Mhatre is associated with construction business. He represents from Agri community.

== Political career ==
Mhatre was associated with Maharashtra Navnirman Sena (MNS) in early politics. In 2014, he contested from Bhiwandi seat under MNS ticket but lost to BJP business rival Kapil Patil by receiving 93000 votes only. Later he switched to Shiv Sena.

In 2019, Mhatre was denied of getting the same seat. In April 2019, he nominated himself as independent candidate to contest but later withdrawn under pressure from Chief Minister Devendra Fadnavis.

After that, Mhatre switched to NCP. In 2022, he served as rural district president of the Nationalist Congress Party of Sharad faction in Thane.

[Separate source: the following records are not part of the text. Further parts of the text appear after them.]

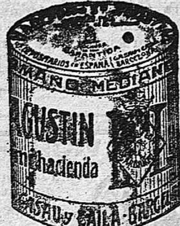
Garbanzo Sauce (5 Kilos)

Garantizamos al público que los comestibles empaquetados con nuestra marca son naturales de la planta, y sin contener la más pequeña adulteración en beneficio de ellos ni para hermosarlos, por lo cual nos hacemos responsables á todo análisis que quiera efectuarse.
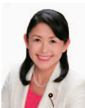
福田はるみ 副議長
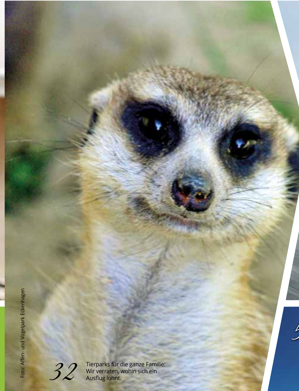
32 Tierparks für die ganze Familie: Wir verraten, wohin sich ein Ausflug lohnt.
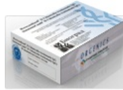
Тест-системы ИммуноКомб для диагностики ВИЧ-инфекции
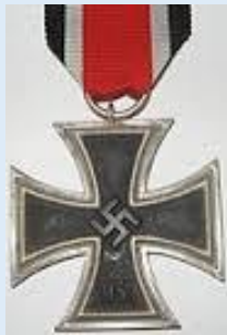
Saksan 2. luokan rautaristi
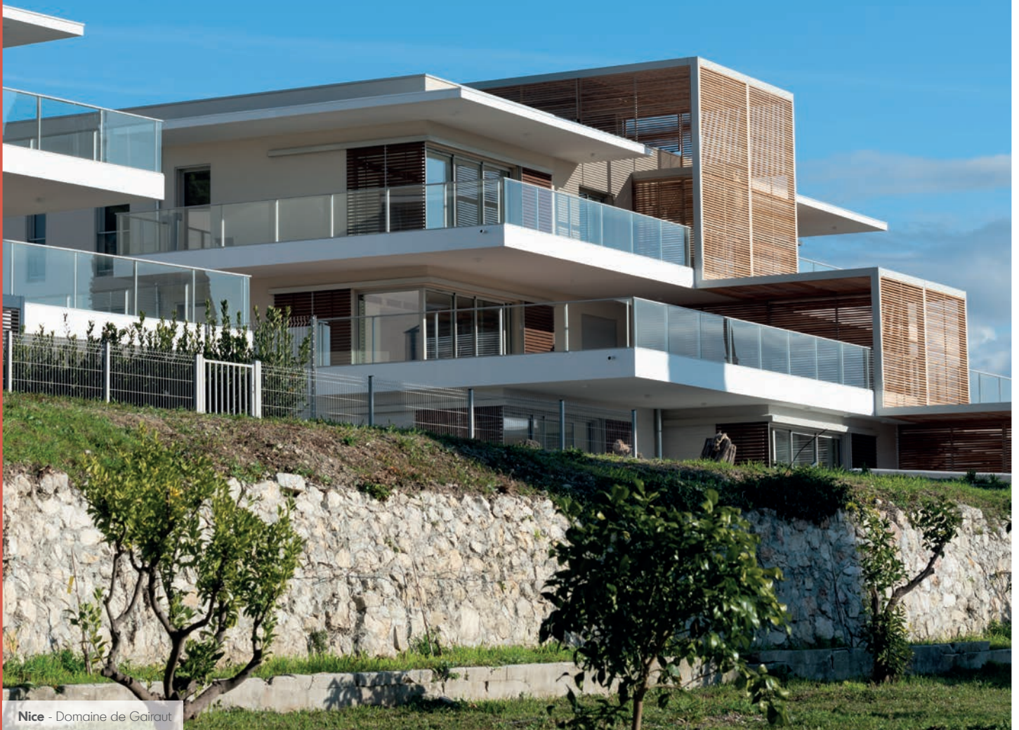
Nice - Domaine de Gairaut
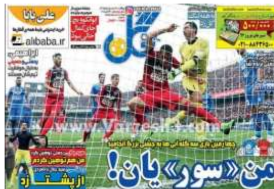
تصویر شماره (۹)

اجتماعی شادی و سرور مربی تیم آبی‌پوش در مقابل تیم صدرنشین قرمز پوش و برتر میدان از لحاظ درصد مالکیت و بازی هجومی است. در تصویر، جنگ قدرت تا مدخل دروازه برای فتح آن ادامه دارد. تیتر فرعی به کنشگر فعال یعنی تیم آبی‌پوش (آبی‌ها) در سه گله کردن چهارمین تیم که پراهمیت‌ترین حریف آن‌ها محسوب می‌شود اشاره می‌کند و برای آن‌ها جشنی بزرگ است.
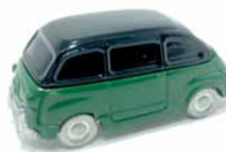
ART. 1010 - Fiat 600 Taxi - 1956
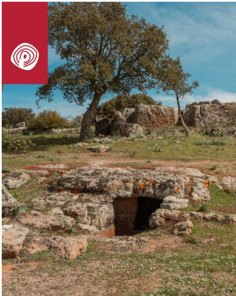
Goni, Parco archeologico di Pranu Muttedu. Ingresso di domus de janas scavata nel costone roccioso di Genna e'Accas.

La parte più antica, quella in cui si trovano le domus de janas , è datata al 4000 a.C. La necropoli è iniziata lì con i modelli tipici di domus de janas ipogeica, poi sono arrivate nuove tipologie megalitiche, ovvero monumenti che non sono scavati, ma sono costruiti con i blocchi di pietra (siamo intorno al 3200 a.C.). La necropoli è stata usata fino al 2800-2700 circa, l'epoca delle prime culture dell'età del Rame. Abbiamo delle rilevanze risalenti alla prima età del Bronzo: c'è una sorta di allée couverte , ma si trova in un terreno privato, fuori del Parco. Questo significa che tale area ha avuto un uso funerario nei millenni: è incredibile come lo stesso posto sia stato utilizzato, sempre per lo stesso motivo, da culture successive diverse.
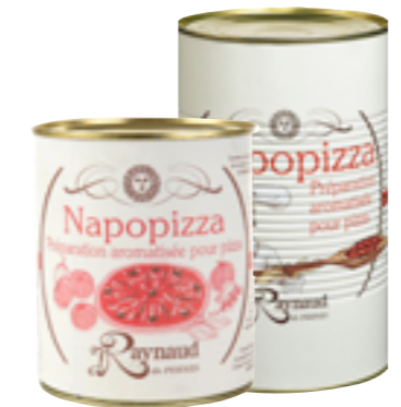
Réf. 8694/8693 Napopizza RAYNAUD Sauce tomate aromatisée Boite 4/4 x 6/Boite 5/1 x 3
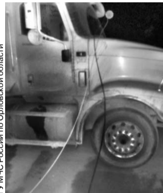
ГУ МЧС России по Орловской области

● В Орле водитель тягача-бензовоза припарковался на улице МОПРа возле ресторана «Третий Рим» и отправился на автозаправку, которая находится напротив. Тягач стоял несколько минут и вдруг... покатился. Первым препятствием на его пути оказался фонарный столб. Столб накренился и медленно рухнул на припаркованную «Волгу», изрядно ее примяв. Затем кабина бензовоза и цистерна начали складываться, прижав друг к другу еще четыре автомобиля. Утечки топлива не произошло.
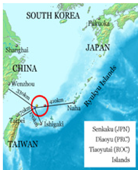
Fig. 3. Arhipelagul Senkaku (Arhipelagul Diaoyu).

Problema cu caracter regional, care provoacă îngrijorare pentru participanții la are-
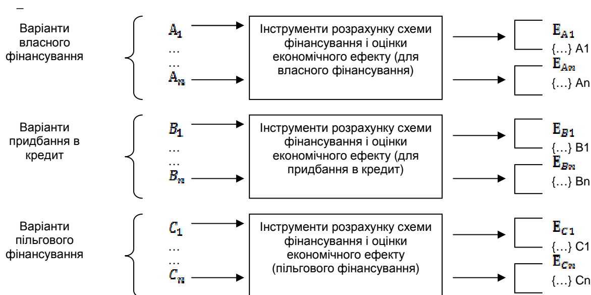
Рис. 1. Загальна схема вибору оптимального джерела інвестування

– відповідності обраному способу k схемі фінансування даного інвестиційного проекту.
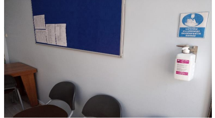
İdari odalarda el antiseptiği
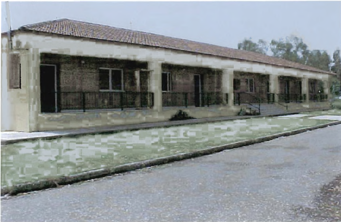
εικόνα 2 : Οι φοιτητικές εστίες του Τ.Ε.Ι Μεσολογγίου.
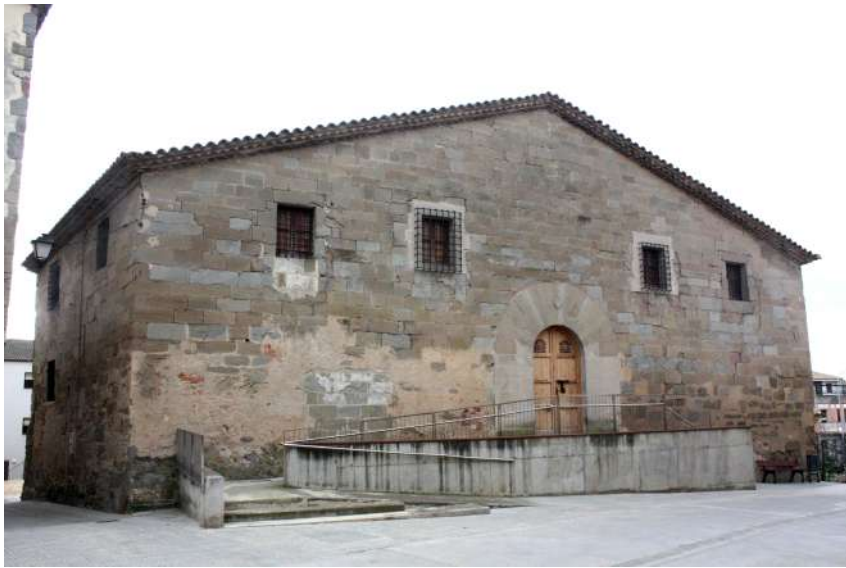
Edifici de La Panera a Castellserà, on hi havia hagut el castell.
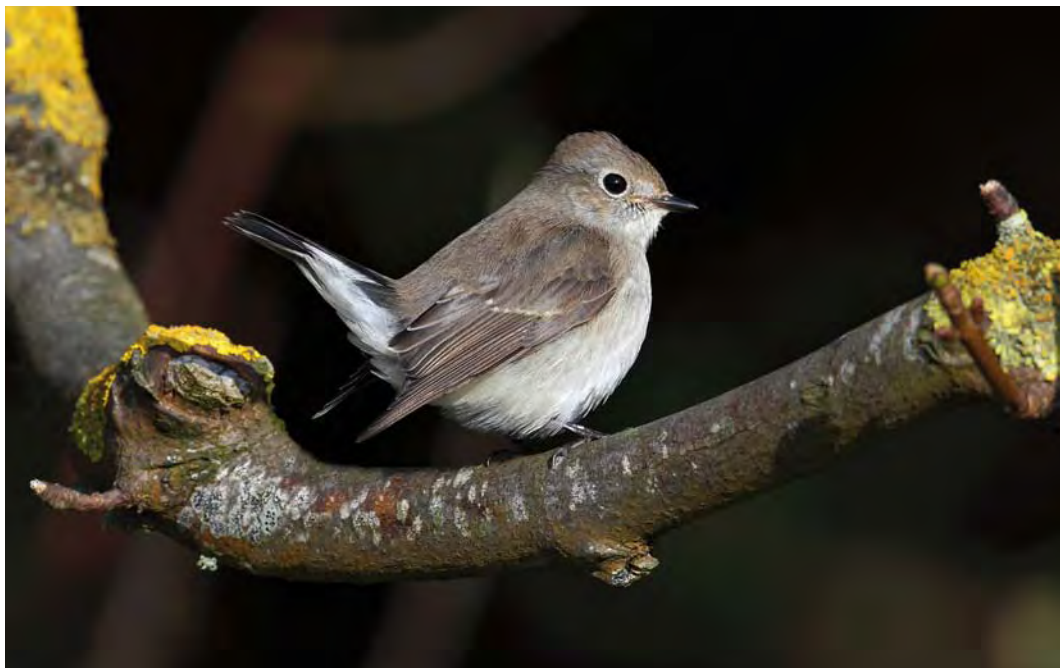
509 Taiga Flycatcher / Taigavliegenvanger Ficedula albicilla , first-year, Fetlar, Shetland, Scotland, 29 September 2009 (Hugh Harrop)
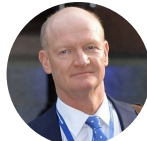
David Willetts 英国前大学 科学国务大臣
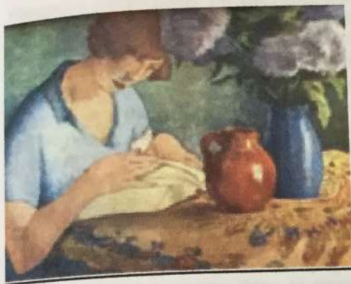
Marco Bontá "La lectura" Aguatinta / papel
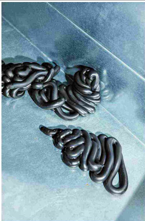
La lavorazione iniziale degli stampi. A destra, XL Extralight, materiale espanso a celle chiuse
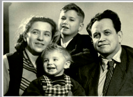
В кругу семьи.
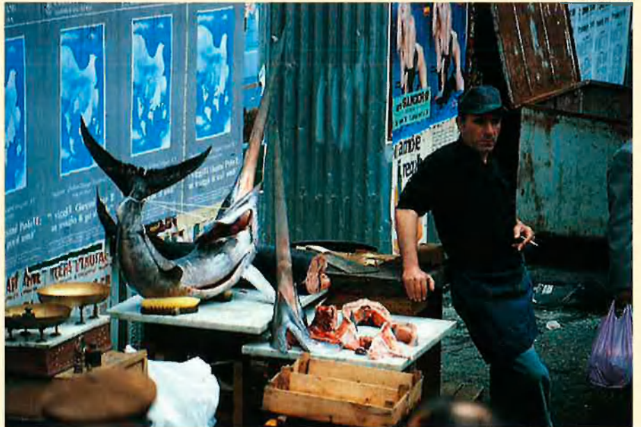
Mediterrània se submergeix en una mar i es passeja per les terres que l'envolten.

Mediterrània , doncs, partia d'una proposta feta al 1985, era concebuda durant el 1986, rodada al 1987, muntada al 1988 i, a la tardor d'aquell mateix any, la començaven a emetre. Després en vingueren cinc emissions més, premis i mencions. La Caixa de Barcelona, avui fusionada amb la de Pensions, va esponsoritzar i coproduir la sèrie i, a més, va voler resumir-la en un llibre: Mediterrània passava del mitjà audiovisual al suport imprès. Se n'editaren
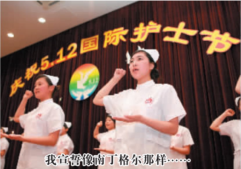
我宣誓像南丁格尔那样……

5月12日中午,医学院在梁林校区TCL报告厅举办庆祝“5·12国际护士节”纪念活动。护理专业的同学们举行了庄严的宣誓仪式,重温南丁格尔誓言,并纷纷表示热爱专业,刻苦学习,努力成为一名合格的白衣天使。
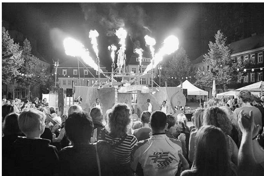
Großes Finale des StraßenTheaterFestivals
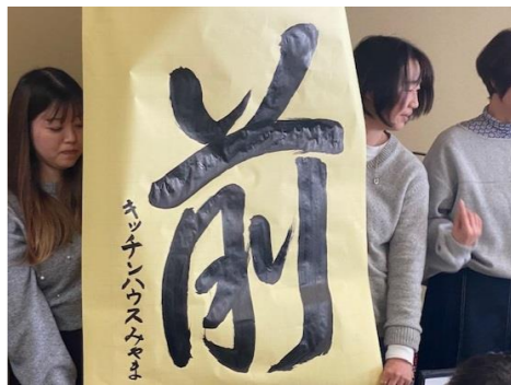
キッチンハウスみやま
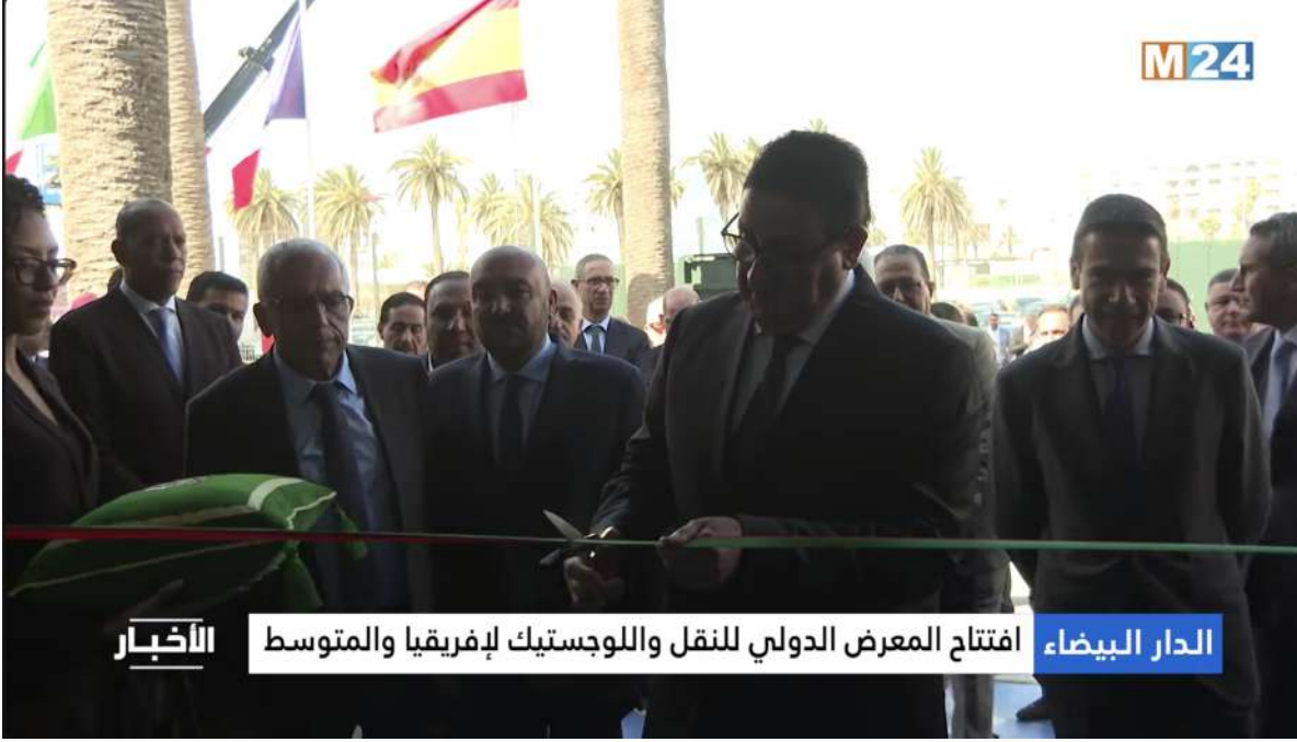
الأخبار الدار البيضاء افتتاح المعرض الدولي للنقل واللوجستيك لإفريقيا والمتوسط
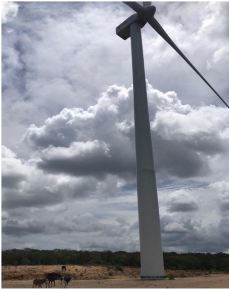
Figura 4 - Animais nas proximidades dos aerogeradores (A); Possíveis compactações do solo devido à presença de animais (B).
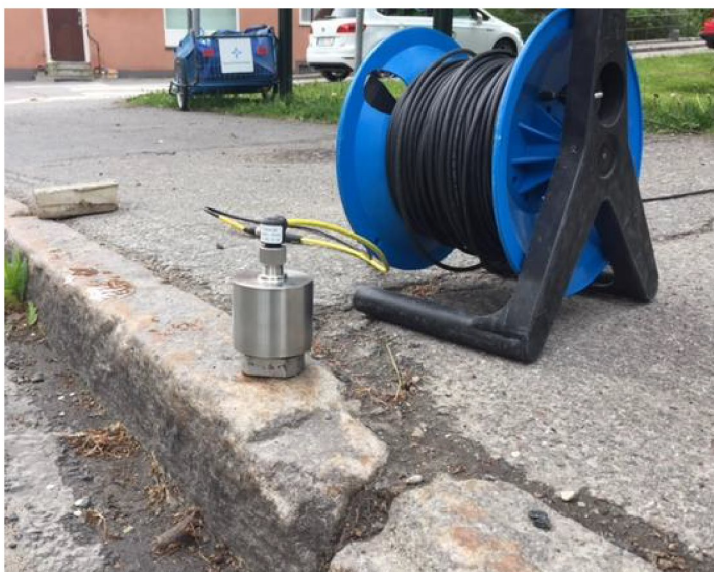
Figur 2. Mät punkt 1.
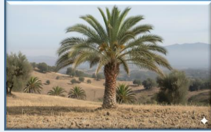
Datça Hurması ( Phoenix theophrasti )
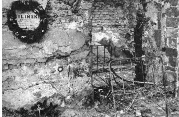
Überall erinnern in der Altstadt mit Tannengrün umkränzte Tafeln an die Opfer des Aufstandes 1944. Noch immer lebt der Warschauer Seite an Seite mit seinen Töttern, die unter den Trümmern liegen und noch nicht geborgen werden konnten. Rechts: Wo dieser kleine Warschauer wohnt? Irgendwo in den Ruinen, unter der Erde, wie mit ihm 100.000 andere auch.
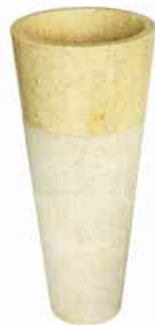
CONIQUE. Vasque Conico en pierre naturelle polie sur la partie supérieure de la vasque, et striée sur la partie inférieure, 790 €, IMSO chez DAVID B.
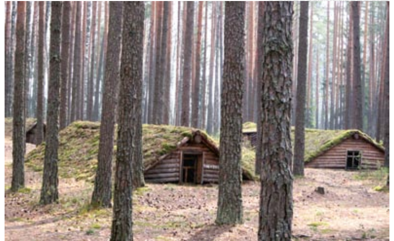
◀ «Партизанский лагерь» – часть мемориального комплекса «Усакино»: хлебопечкарня и землянки

Не всегда, правда, полеты завершались благополучно. Так, 30 мая 1944 года с эки-
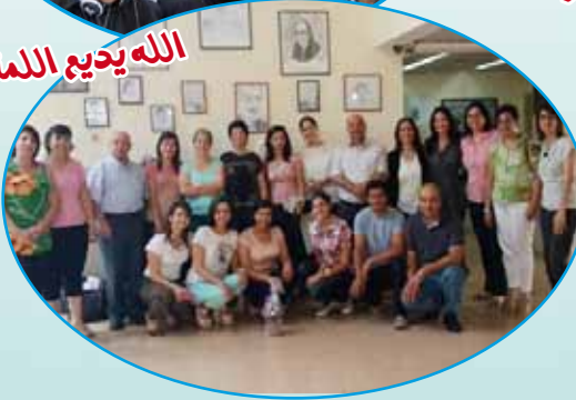
الله يدعي اللمة

Suresh Mhatre won the 2024 General election form Bhiwandi Lokshabha seat and won by 66121 votes against the seating MP Kapil Patil from BJP.

== Member of Lok Sabha ==
In 2024, he was nominated as NCP(SP) candidate. Following on that, Mumbai Metropolitan Region Development Authority (MMRDA) officials arrived with police force to take action at his company RK Lodgy World Warehouse Complex without issuing any notice.

According to his manifesto, he promises to connect Bhiwandi to Mumbai by starting a direct local train from Bhiwandi Road Railway Station to CSMT station. He was elected from Bhiwandi by defeating Patil with the majority of 66,121 votes.